I don't know that it is regular, however.

So I don't know what you mean.

[sebres]

the answer is that you can find two keys that always collide. With 100% probability.

@lemire I think her question was not whether a collision is possible (it's pretty clear), it was rather how large may be the chance to catch a collision on some set of keys, e. g. by 2 different text-messages (and this probability is definitively not 100% 😄), also not too large, if this keys are pseudo- resp. even totally not random. This is highly depended also on the dataset used as well as on the set-size (with other words on count of the hashes picked).
As already said above, by absolutely random-sets the count of items to get a collision by 64-bit hash would be 2³² (and not 2⁶⁴) so 4294967296 items.
If they are not really random, it is not so easy to estimate, but still possible.

[lemire]

I don't know what the question was... so I am speculating... hoping that it will help clear up the question...

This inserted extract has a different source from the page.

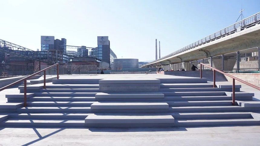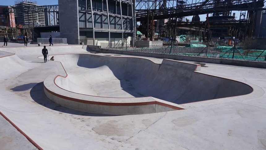 首鋼滑板公園位于北京石景山區(qū),距離地鐵一號線西端的蘋果園站大概3站地的距離,項目總占地面積17913平米,其中滑板區(qū)、攀巖區(qū)各占地約4000平方米,這個新建的滑板場屬于國內(nèi)大型場地。

• Given two text messages, they either always collide, or they do not (assuming that the hash function is not randomized). This might be a trivial observation but I am not sure everyone realizes that. If your text messages are fixed, then you need to have a randomized hash function to be able to talk about probabilities. Then you want to talk about universality. There is no established result regarding a randomized MurmurHash's universality (to my knowledge)
• If we are considering the scenario where we pick text strings at random... and that's usually not how applications are built (e.g., very often the strings are provided to you, possibly by an adversary, we rarely work with random strings)... then if you pick the text messages at random, all that matters is that they randomly end up on any given hash value. That's regularity. We can expect good regularity out of MurmurHash, but I am not sure that there are established results.
• Finally, there is the scenario described by @sebres : you have a set of strings and you want to know how many of them collide. Again, what matters is regularity (how evenly are the hash values spread out) but now we care also about the characteristics of the set involved.